# Recorded data
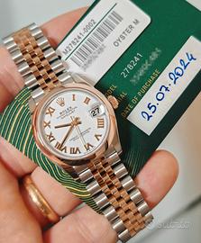 Datejust Lady donna 31 mm acciaio e oro rosa. Ultimo modello Ref. 278241. Lunetta liscia oro rosa e bracciale jubile. Quadrante smalto bianco e numeri romani in oro rosa. Condizioni pari al nuovo. Luglio 2024 Italiano. Corredo completo full set. Oltre 4 anni di garanzia Rolex ufficiale. Listino attuale di 13200 quindi sono parecchio sotto listino. Garantisco con contratto di vendita l'originalità e la lecita provenienza di questo segnatempo. NO TRUFFE E NO PERDITEMPO. Incontro solo in gioielleria. NON TRATTABILE PERCHÈ I PREZZI SONO AI MINIMI DI MERCATO. Per le permute solo full set.
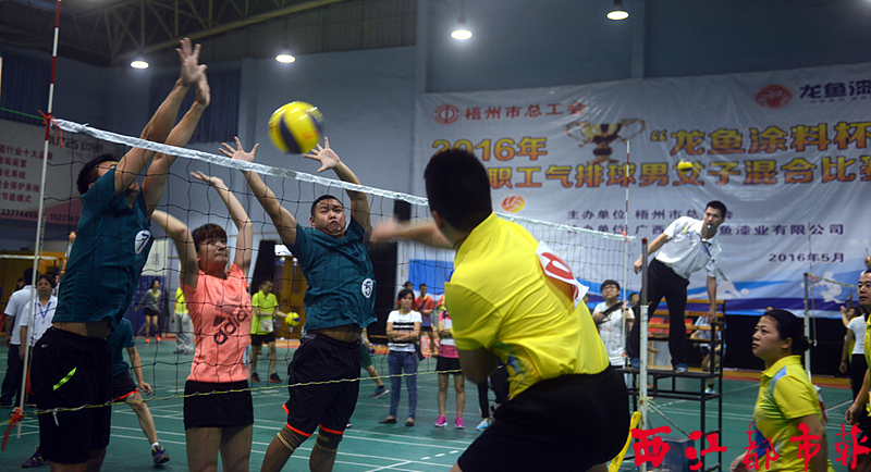 5月13日,在梧州市工人體育館,梧州供電局隊與市體育局隊在氣排球比賽中展開激烈較量。當日,由市總工會主辦的2016年“龍魚涂料杯”全市職工氣排球男女子混合比賽開賽,全市共有75支球隊參加為期兩天的比賽。 李煜榮/攝
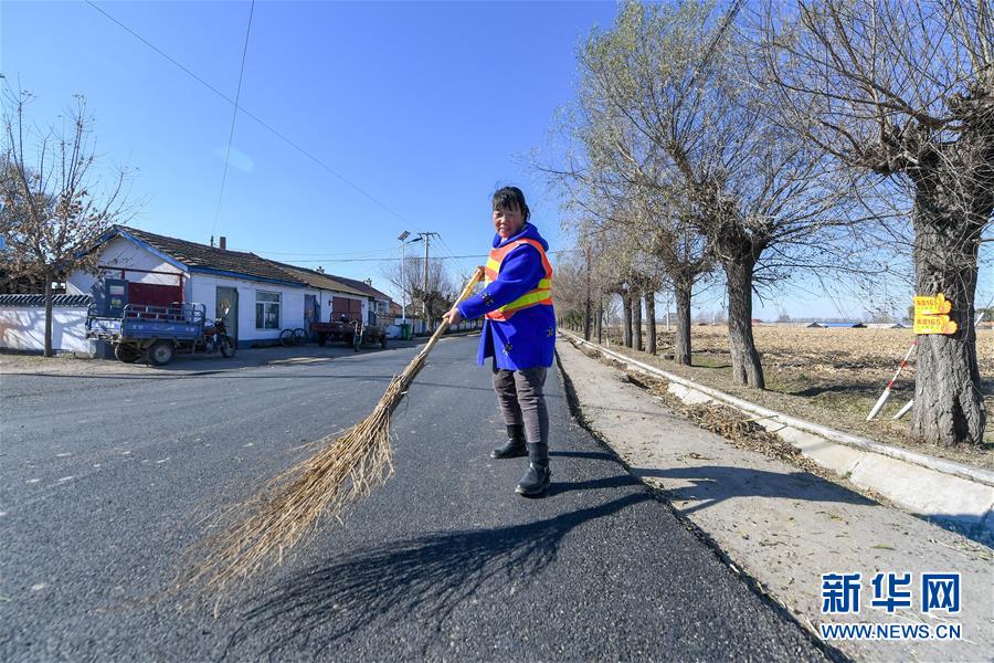 10月27日,在吉林省舒兰市溪河镇溪河村,环卫工人清扫今年竣工的村路。新华社记者 张楠 摄
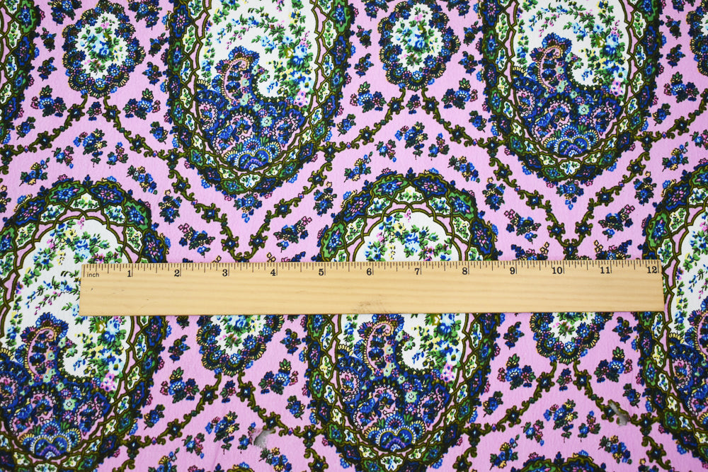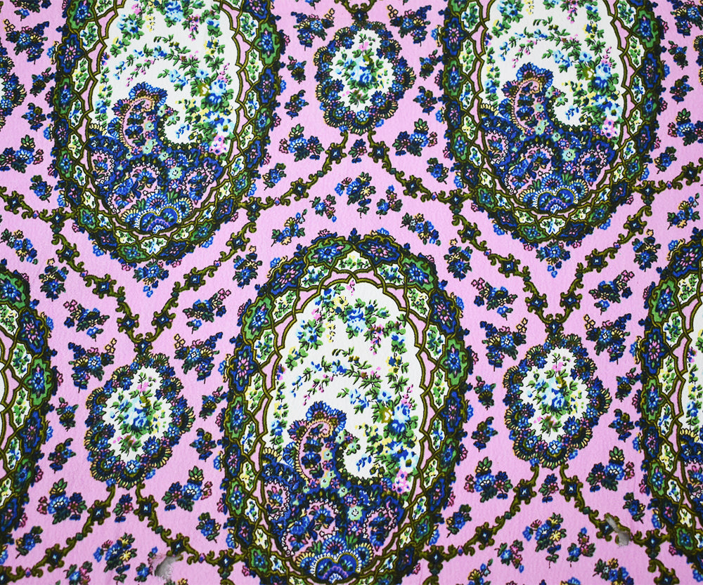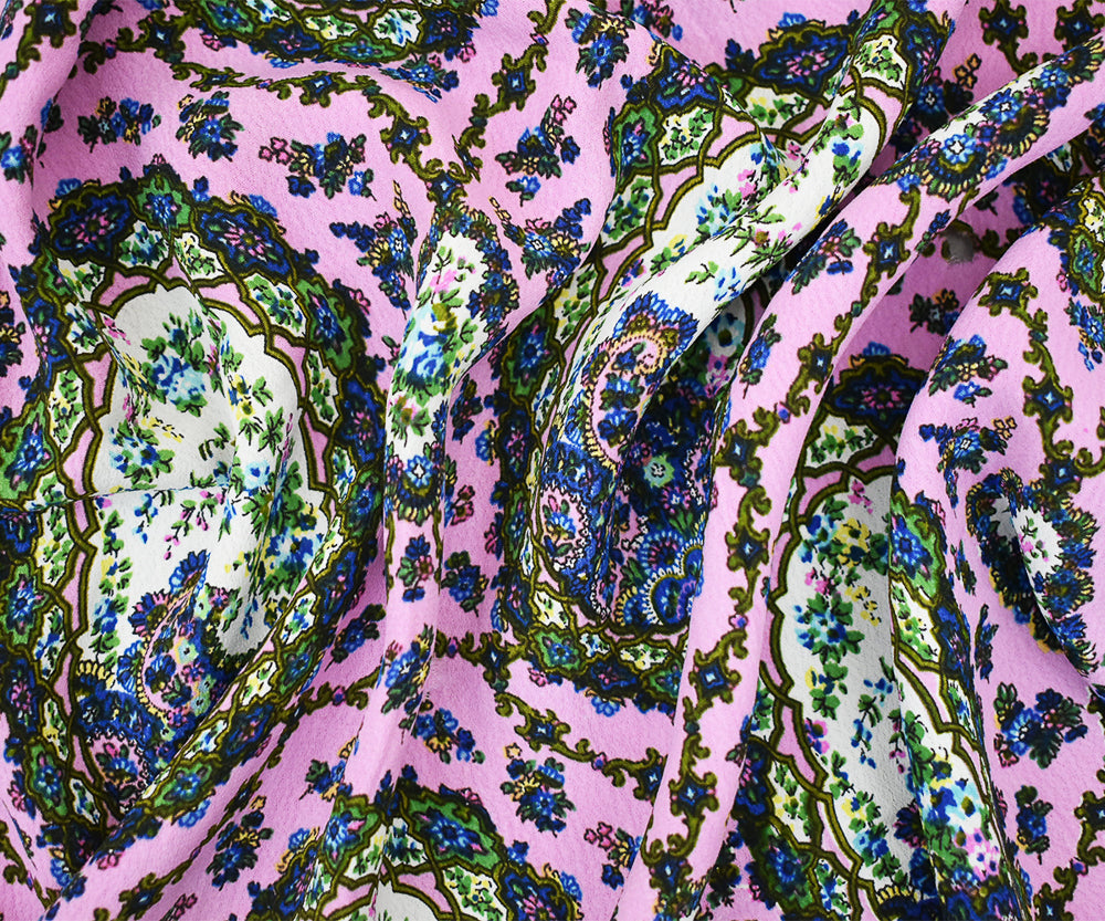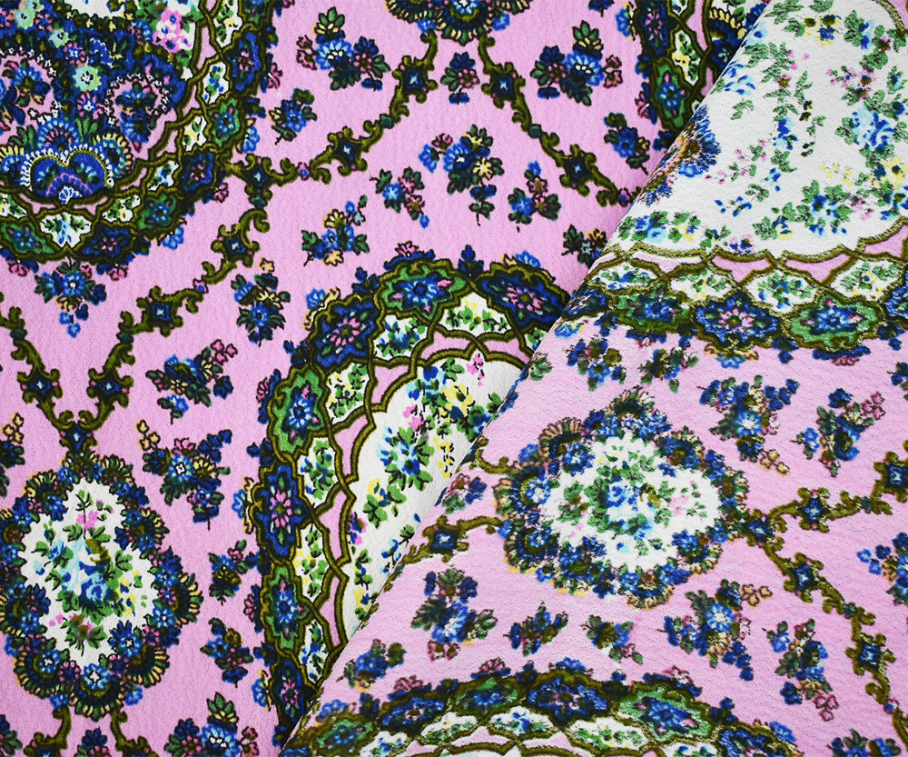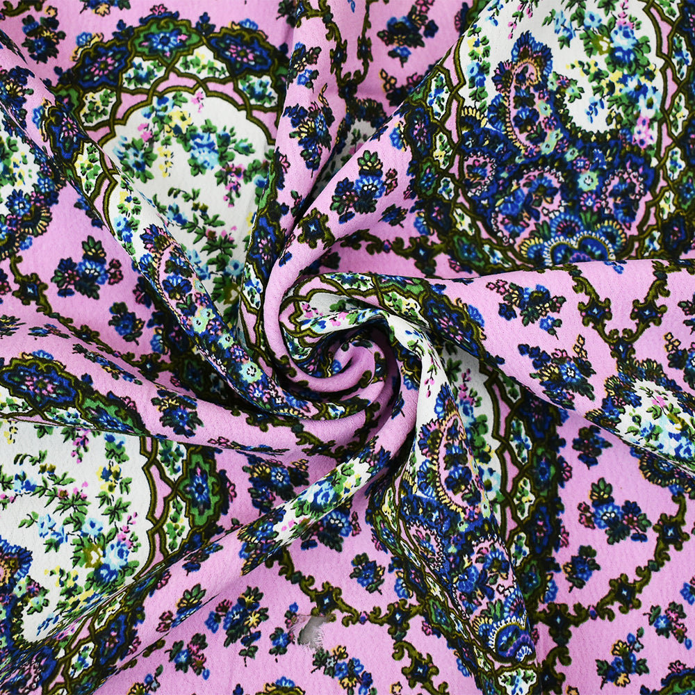 Pink-Blue-Multi Floral Frame Trellis Printed Rayon Crepe Faille Woven Fabric
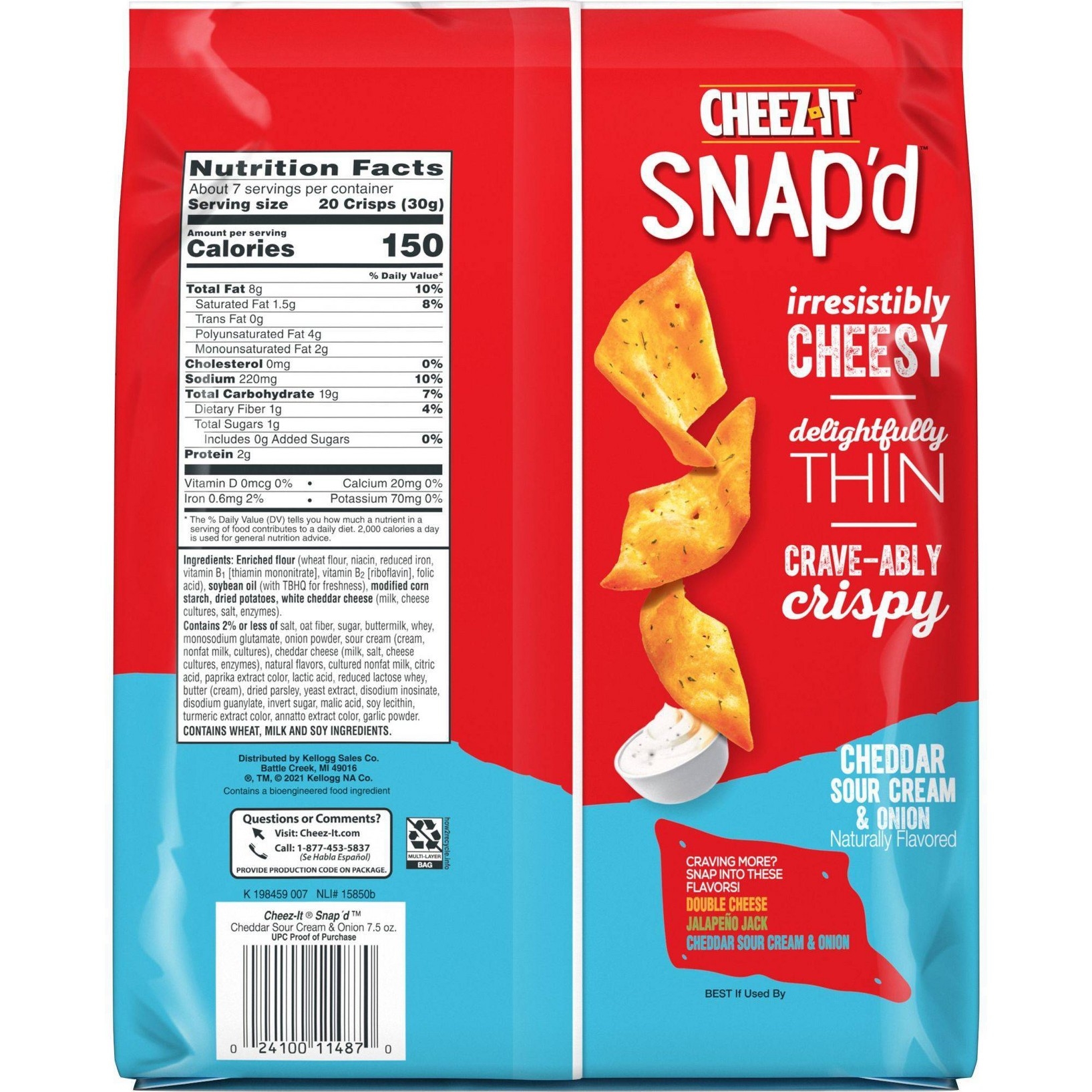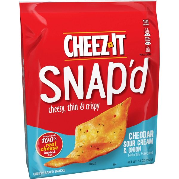 u0026bull;Thin and crispy cheesy baked snacks made with the irresistible flavor combination of cheddar, sour cream, and onionu003cbru003eu0026bull;Turn up the cheese volume with the satisfying crunch of Cheez-It Snap’du003cbru003eu0026bull;Made with 100% real cheese; Kosher dairy, contains wheat, milk and soy ingredientsu003cbru003eu0026bull;An anytime snack that makes a tasty bite at home or on the go; Enjoy while relaxing and watching TV, or add as a crunchy side to your sandwichu003cbru003eu0026bull;Includes 1, 7.5-ounce bag of ready-to-eat cheesy baked snacks; Packaged for freshness and great taste
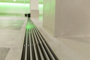 Im Bereich der Bewegungsfugen griff man zum einen auf das speziell für dieses Anwendungsgebiet entwickelte ProJoint zurück. Die durch ein Kantenschutzprofil verstärkte Flüssigabdichtung aus PMMA passt sich flexibel dem Fugenaufbau an. Da sie vollflächig haftet, wird einem Unterlaufen erfolgreich vorgebeugt. Zum anderen wurden einige der Fugen mit Profilen der Firma Buchberger umgesetzt. Diese ist seit vielen Jahren Kooperationspartner von Triflex, sodass der Bauherr auf die Kompatibilität der Materialien und Systeme vertrauen kann.
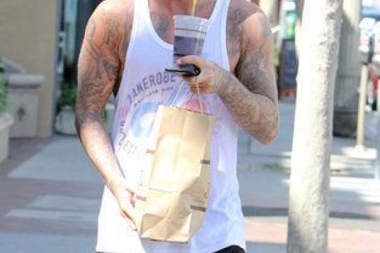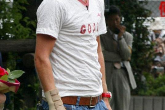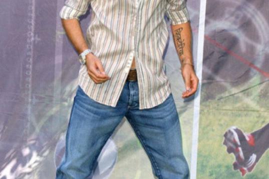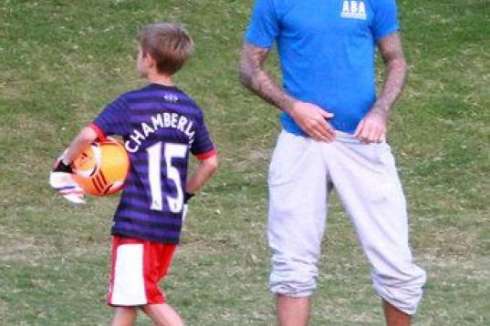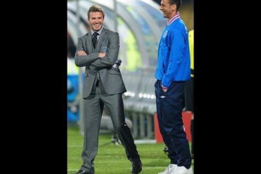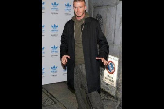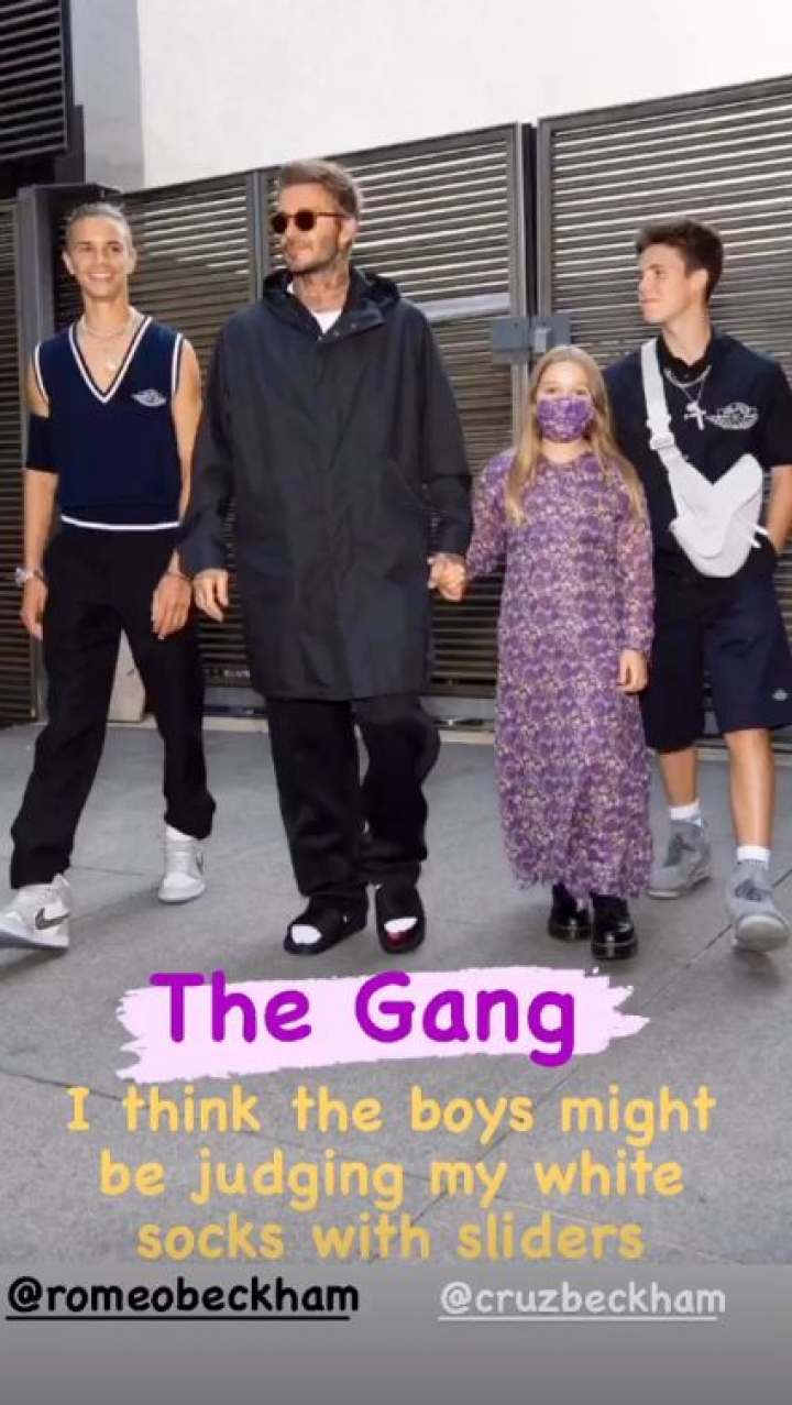 ¡David Beckham lleva chanclas-zapatillas de estar por casa con unos impecables calcetines blancos! Una combinación más que atrevida con la que él mismo ha bromeado.

# Assignment
All lines from the start of the entries through the one with "Im Bereich der" are to be output exactly; omit the pictures.

# Finished exercise
 Datejust Lady donna 31 mm acciaio e oro rosa. Ultimo modello Ref. 278241. Lunetta liscia oro rosa e bracciale jubile. Quadrante smalto bianco e numeri romani in oro rosa. Condizioni pari al nuovo. Luglio 2024 Italiano. Corredo completo full set. Oltre 4 anni di garanzia Rolex ufficiale. Listino attuale di 13200 quindi sono parecchio sotto listino. Garantisco con contratto di vendita l'originalità e la lecita provenienza di questo segnatempo. NO TRUFFE E NO PERDITEMPO. Incontro solo in gioielleria. NON TRATTABILE PERCHÈ I PREZZI SONO AI MINIMI DI MERCATO. Per le permute solo full set.
 5月13日,在梧州市工人體育館,梧州供電局隊與市體育局隊在氣排球比賽中展開激烈較量。當日,由市總工會主辦的2016年“龍魚涂料杯”全市職工氣排球男女子混合比賽開賽,全市共有75支球隊參加為期兩天的比賽。 李煜榮/攝
 10月27日,在吉林省舒兰市溪河镇溪河村,环卫工人清扫今年竣工的村路。新华社记者 张楠 摄
 Pink-Blue-Multi Floral Frame Trellis Printed Rayon Crepe Faille Woven Fabric
 u0026bull;Thin and crispy cheesy baked snacks made with the irresistible flavor combination of cheddar, sour cream, and onionu003cbru003eu0026bull;Turn up the cheese volume with the satisfying crunch of Cheez-It Snap’du003cbru003eu0026bull;Made with 100% real cheese; Kosher dairy, contains wheat, milk and soy ingredientsu003cbru003eu0026bull;An anytime snack that makes a tasty bite at home or on the go; Enjoy while relaxing and watching TV, or add as a crunchy side to your sandwichu003cbru003eu0026bull;Includes 1, 7.5-ounce bag of ready-to-eat cheesy baked snacks; Packaged for freshness and great taste
 Im Bereich der Bewegungsfugen griff man zum einen auf das speziell für dieses Anwendungsgebiet entwickelte ProJoint zurück. Die durch ein Kantenschutzprofil verstärkte Flüssigabdichtung aus PMMA passt sich flexibel dem Fugenaufbau an. Da sie vollflächig haftet, wird einem Unterlaufen erfolgreich vorgebeugt. Zum anderen wurden einige der Fugen mit Profilen der Firma Buchberger umgesetzt. Diese ist seit vielen Jahren Kooperationspartner von Triflex, sodass der Bauherr auf die Kompatibilität der Materialien und Systeme vertrauen kann.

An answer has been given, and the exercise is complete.